#### [What you need to do]
The copy you give must match the lines from the top of the data through the line containing "La Messa domenicale" exactly, and it must hold no pictures.

#### [Given material]
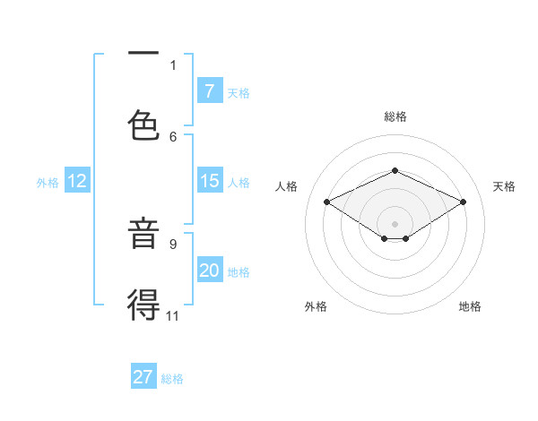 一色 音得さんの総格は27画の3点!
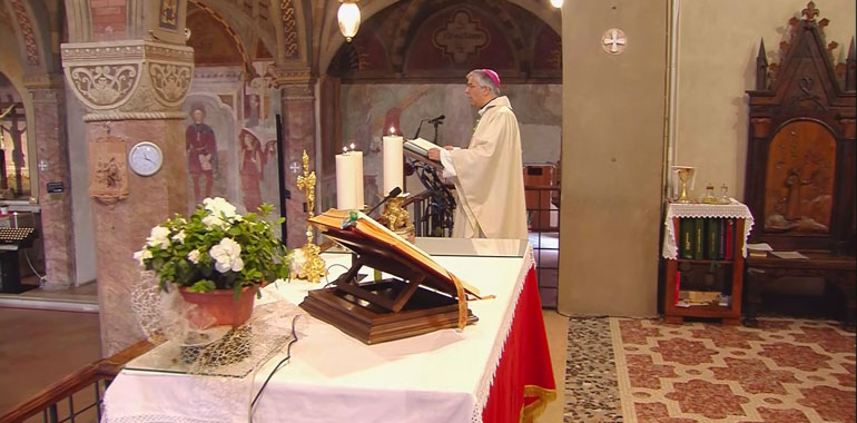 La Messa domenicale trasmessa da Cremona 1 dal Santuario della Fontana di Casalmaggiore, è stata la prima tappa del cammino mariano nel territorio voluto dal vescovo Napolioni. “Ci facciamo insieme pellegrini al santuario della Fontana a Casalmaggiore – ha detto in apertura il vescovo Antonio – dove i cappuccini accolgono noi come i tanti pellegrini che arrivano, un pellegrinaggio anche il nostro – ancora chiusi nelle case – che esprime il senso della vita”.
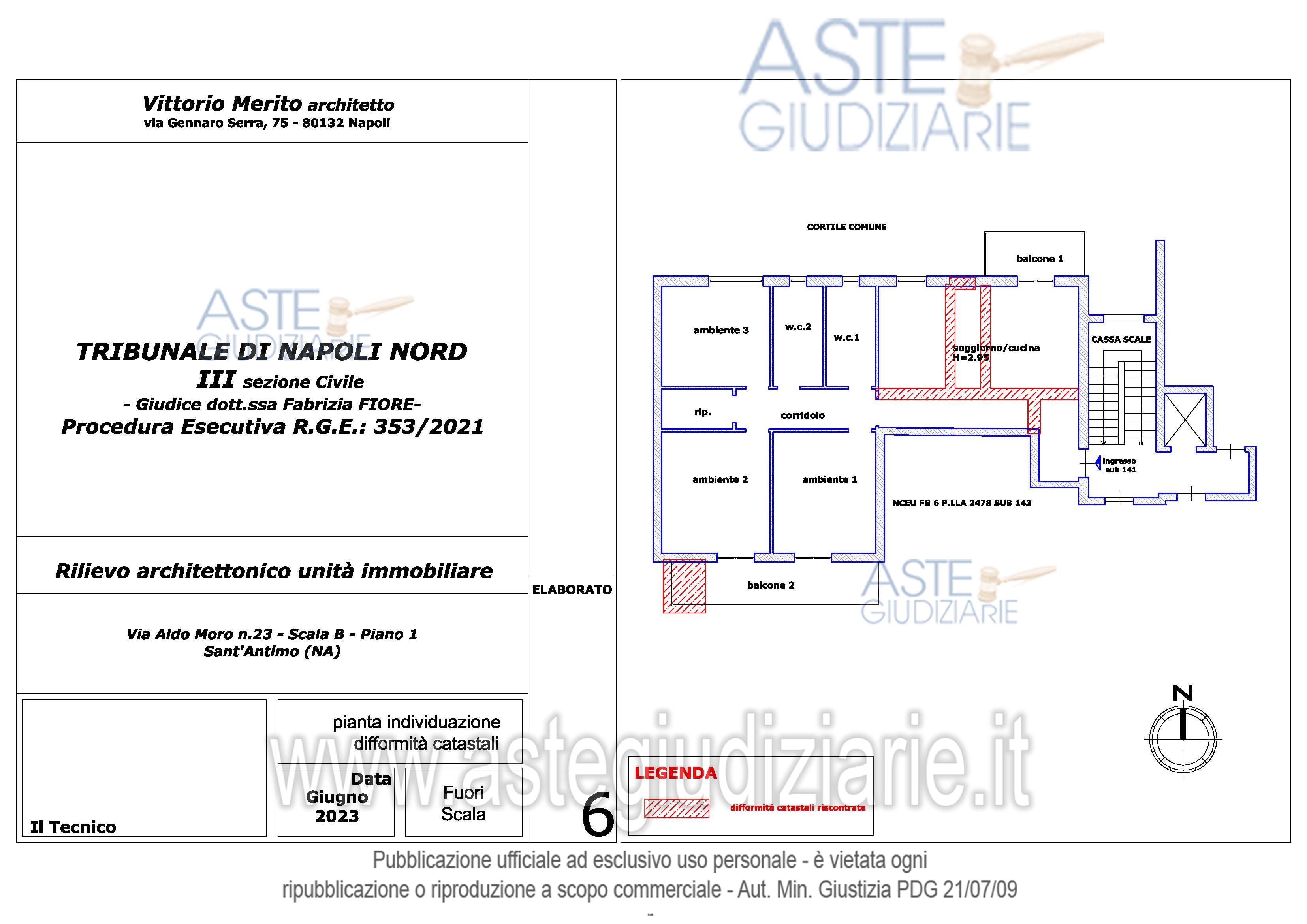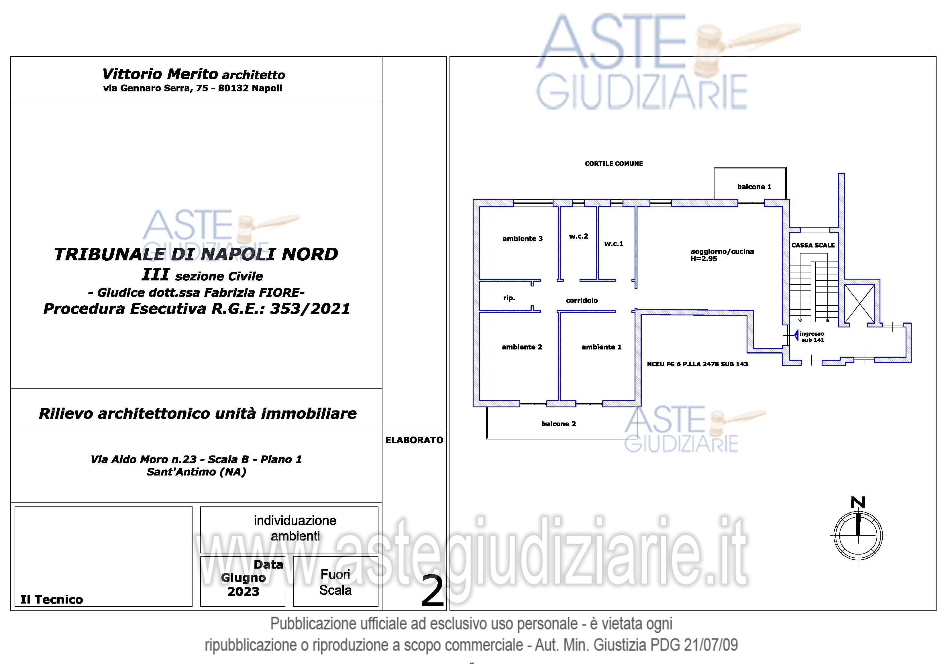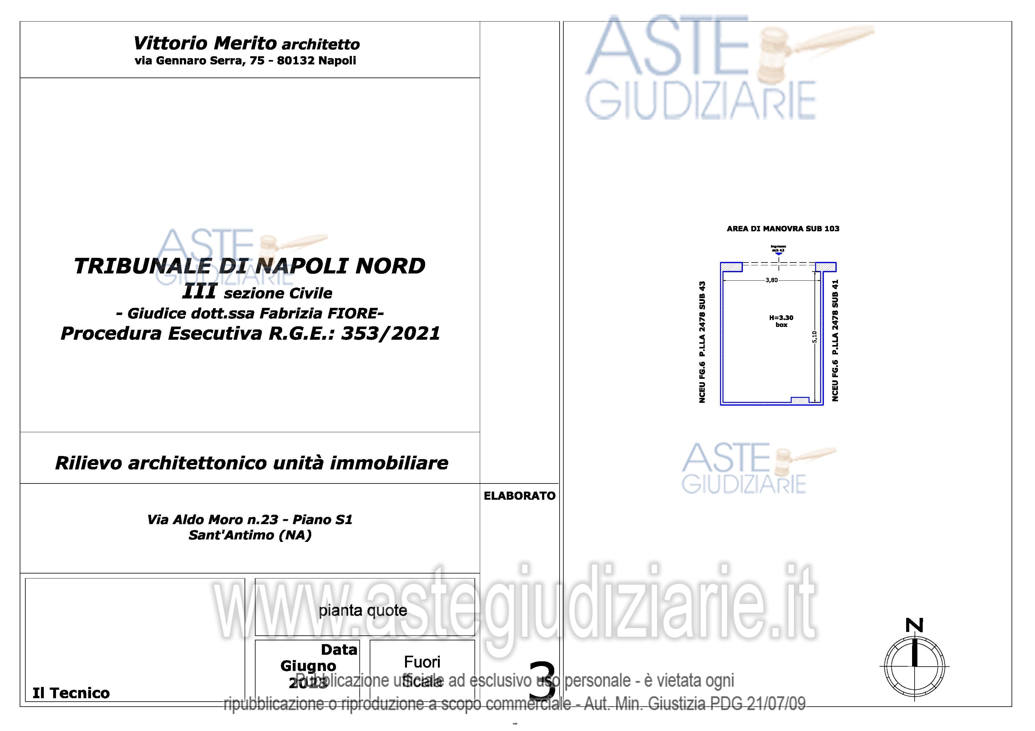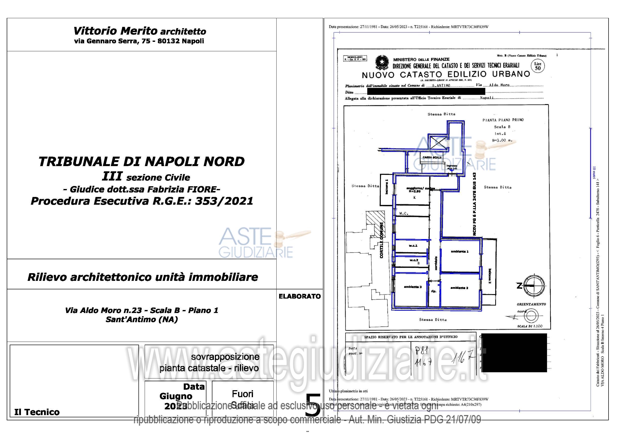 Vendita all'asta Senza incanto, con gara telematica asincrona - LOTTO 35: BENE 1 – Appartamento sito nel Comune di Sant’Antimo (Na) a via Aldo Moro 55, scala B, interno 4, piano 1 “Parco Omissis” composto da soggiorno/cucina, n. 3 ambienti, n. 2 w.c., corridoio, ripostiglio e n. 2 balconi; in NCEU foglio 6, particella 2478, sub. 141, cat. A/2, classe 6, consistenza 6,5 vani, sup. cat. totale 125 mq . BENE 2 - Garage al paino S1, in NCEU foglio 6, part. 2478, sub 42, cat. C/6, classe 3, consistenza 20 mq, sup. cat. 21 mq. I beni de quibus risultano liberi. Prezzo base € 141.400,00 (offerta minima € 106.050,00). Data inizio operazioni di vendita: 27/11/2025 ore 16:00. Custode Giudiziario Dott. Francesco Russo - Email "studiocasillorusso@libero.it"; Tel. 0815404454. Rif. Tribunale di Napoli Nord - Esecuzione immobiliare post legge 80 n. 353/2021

#### [Written answer]
 一色 音得さんの総格は27画の3点!
 La Messa domenicale trasmessa da Cremona 1 dal Santuario della Fontana di Casalmaggiore, è stata la prima tappa del cammino mariano nel territorio voluto dal vescovo Napolioni. “Ci facciamo insieme pellegrini al santuario della Fontana a Casalmaggiore – ha detto in apertura il vescovo Antonio – dove i cappuccini accolgono noi come i tanti pellegrini che arrivano, un pellegrinaggio anche il nostro – ancora chiusi nelle case – che esprime il senso della vita”.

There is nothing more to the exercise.